Sharing the land with the horses were the cattle of the estancia. They did not run as a single herd, eating out all the pasturage in one place, but were split into small groups. As they approached each of these, Pedro would ride around the animals, casting an expert eye over them. There would be two or three men keeping watch and he would speak to them, perhaps suggesting that the herd be moved if the grazing seemed to him to be thinning.
It was late in the afternoon when they approached the last herd.
‘The fellow watching these is Julio,’ said Pedro. ‘He’s a good sort. We’ll stay the night here.’
Julio welcomed them and Pedro asked him about the condition of the herd before explaining that they would be joining him for their meal.
‘We’d better kill a bigger bull then,’ laughed Julio.

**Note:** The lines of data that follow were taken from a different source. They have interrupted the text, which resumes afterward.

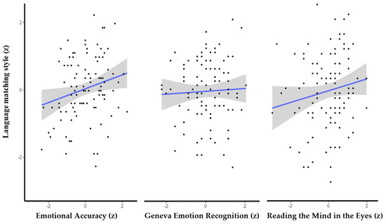 The simple correlation between language style matching and accurate emotion recognition on the EAT (left) and the GERT (middle), and the RMET (right). Note. Grey denotes 95% confidence intervals.
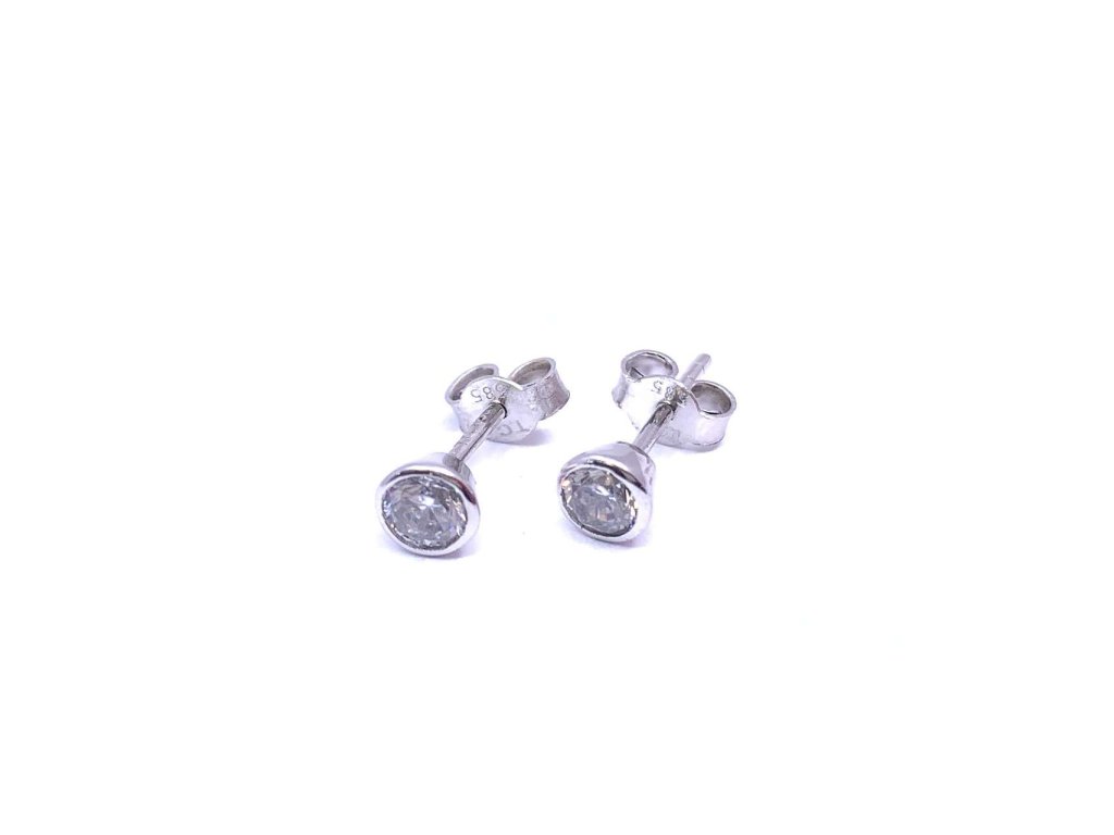 Krásné dámské náušnice z bílého zlata (585/1000). Náušnice mají zapínání na puzetu a vsazený drobný zirkon v hladké obrubě. Povrchová úprava rhodiem zajistí šperku lesk a odolnost. Všechno naše zboží je označeno puncovními značkami uznanými Puncovním úřadem ČR.Doplňkové parametry
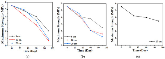 Maximum biocomposite tensile strength (TPS/PCL/F) over a period of 90 days in the degradation media: (a) Soil; (b) Compost; and (c) Water.

James looked surprised and Pedro explained, in the tones of a teacher to a bright but ignorant child, that gauchos never ate dried or salted meat if their own cattle were to hand. Instead, they would slaughter a fresh beast every day, roast it over their campfire and leave any remains for the scavengers to pick over as the herd moved on the next day.
James was about to remark that such an approach seemed wasteful when he remembered Pedro’s comment about the horses. Out here on grasslands supporting thousands of cattle, he could see that it would make no sense to the herdsmen to eat any but the freshest meat.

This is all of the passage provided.